Quick Answer: Getting Skyrizi Covered by Humana in Michigan

Fastest path to approval: Skyrizi (risankizumab) requires prior authorization from Humana and typically isn't covered as a first-line therapy. You'll need documented failure of TNF inhibitors like Humira first. First step today: Have your prescriber gather records of previous biologic trials and submit a prior authorization request through Humana's provider portal. If denied, you have 65 days to appeal and can request Michigan's external review within 127 days of final denial through Michigan DIFS.

Table of Contents

  1. When Formulary Alternatives Make Sense
  2. Typical Alternatives by Drug Class
  3. Pros and Cons Overview
  4. Exception Strategy for Skyrizi
  5. Switching Logistics
  6. Re-trying for Skyrizi Later
  7. Appeals Playbook for Michigan
  8. Common Denial Reasons & Fixes
  9. Cost-Saving Options
  10. FAQ

When Formulary Alternatives Make Sense

Humana's 2024-2025 formularies do not include Skyrizi as a covered drug, with specific alternatives listed including Stelara, Tremfya, Simponi, Taltz, and Xeljanz. Before pursuing a formulary exception, it's worth understanding when these alternatives might work for your condition.

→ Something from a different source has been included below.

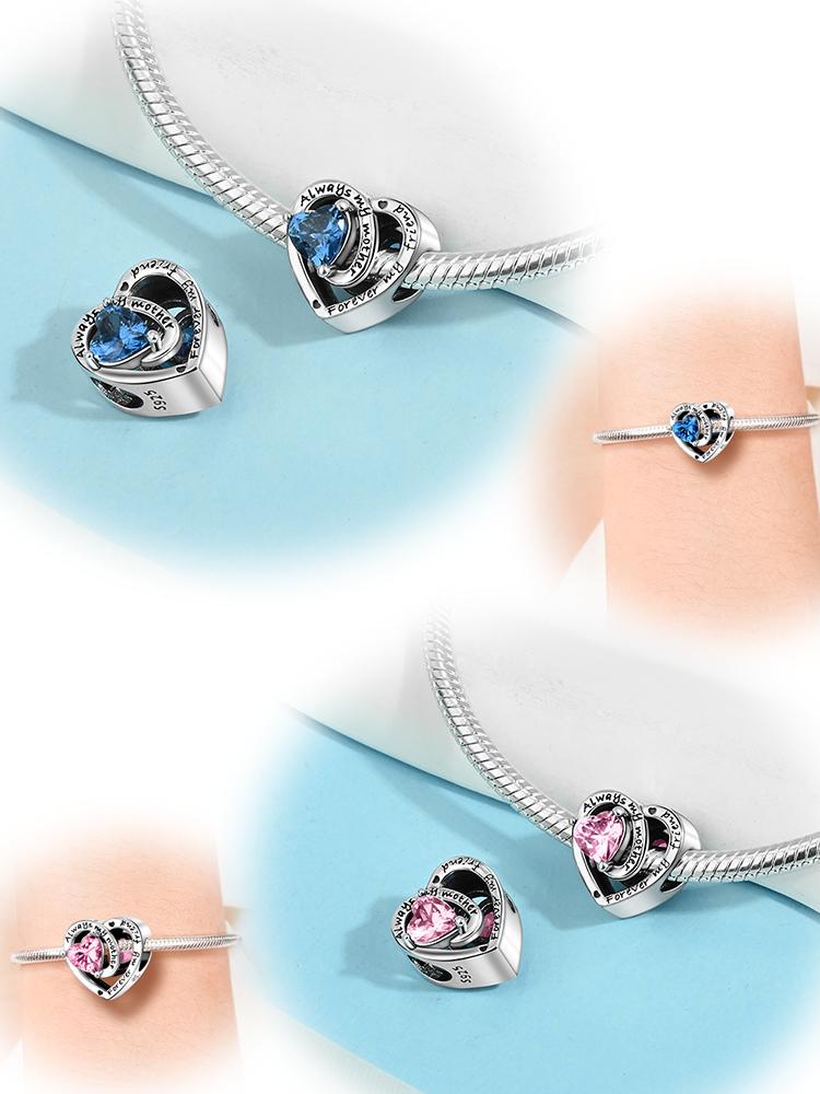 Love Heart Birthstone Beads Birthday Gift Copper Plated For Charms Copper Plated Original Bracelet For Jewelry Making

Clinical Appropriateness: If you haven't tried TNF inhibitors or IL-12/23 blockers, starting with a covered alternative often makes medical and financial sense. Many patients achieve excellent results with first-line options like Humira (covered on Tier 5) or Stelara (listed as a covered alternative).

Contraindications Matter: Alternatives become less viable if you have specific contraindications—active tuberculosis history might rule out certain TNF inhibitors, or hepatitis B could limit your options to IL-23 blockers like Tremfya.

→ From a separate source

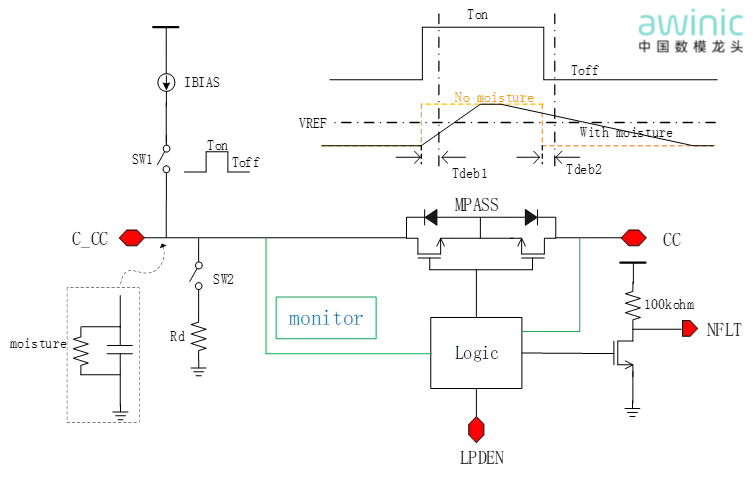 艾为的PD PHY系列芯片内部集成拥有专利保护的硬件水汽检测电路,并将其融入到toggle过程中,其原理结合下图解释:

Disease Complexity: Patients with multiple conditions (psoriasis + psoriatic arthritis + IBD) need drugs approved for all relevant indications. Stelara covers all four Skyrizi indications, while Tremfya only treats psoriasis and psoriatic arthritis.

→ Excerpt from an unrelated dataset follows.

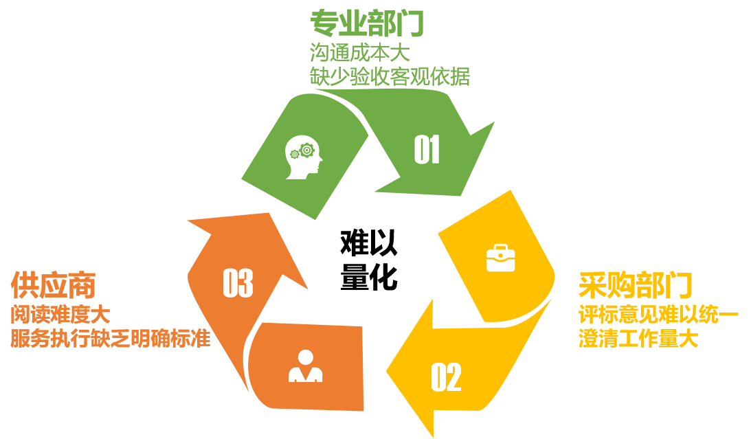 服務采購(gòu)是(shì)指政府為(wèi)了(le)支持正常的€✔(de)運作(zuò),通(tōng)過招标、競标的(de)方式從(cóng)供應商獲取本&✔§§身(shēn)不(bù)能(néng)或不(bù)願提供的(de)服務。服務本身(shēn)難以量化(huà),給專業(yè)部門☆∑→≠(mén)、采購(gòu)部門(mén)和(hé)供應商都(dōu)♦§帶來(lái)了(le)不(bù)同程度的(de)問(wèn)題。從(cóng)專業(yè)部門(mén)的(de)角度來(lái)看(kà≈☆♠≥n),溝通(tōng)成本大(dà),難以确保供應商完全理(lǐ)解×£采購(gòu)要(yào)求,缺乏對(duì)采購(gòu)服務的(de₹♠)驗收依據。從(cóng)采購(gòu)部門(mén)的(de)角÷÷×度來(lái)看(kàn),評标時(shí)不(bù)同的(de)專家(jiā)意見(jiàn)難以統一(yī),各執一(♣Ωyī)詞,且澄清工(gōng)作(zuò)量大(dà)。從(cóng)供應商的(de)角度來(lái)看(kàn),閱讀(dú)難度大(dà),同類服務要(yào)求不(bù)同的φ'(de)需求單位表述不(bù)一(yī),後續服務執行(xíng)缺乏明(míng)确要↓×£✘(yào)求。

Typical Alternatives by Drug Class

Covered IL-12/23 and IL-23 Inhibitors

Stelara (ustekinumab) - Listed as a covered alternative for all Skyrizi indications (psoriasis, psoriatic arthritis, Crohn's disease, ulcerative colitis). Administered as subcutaneous injections every 12 weeks after loading doses.

Tremfya (guselkumab) - Another IL-23 inhibitor that's covered for psoriasis and psoriatic arthritis. Not FDA-approved for IBD conditions as of 2024.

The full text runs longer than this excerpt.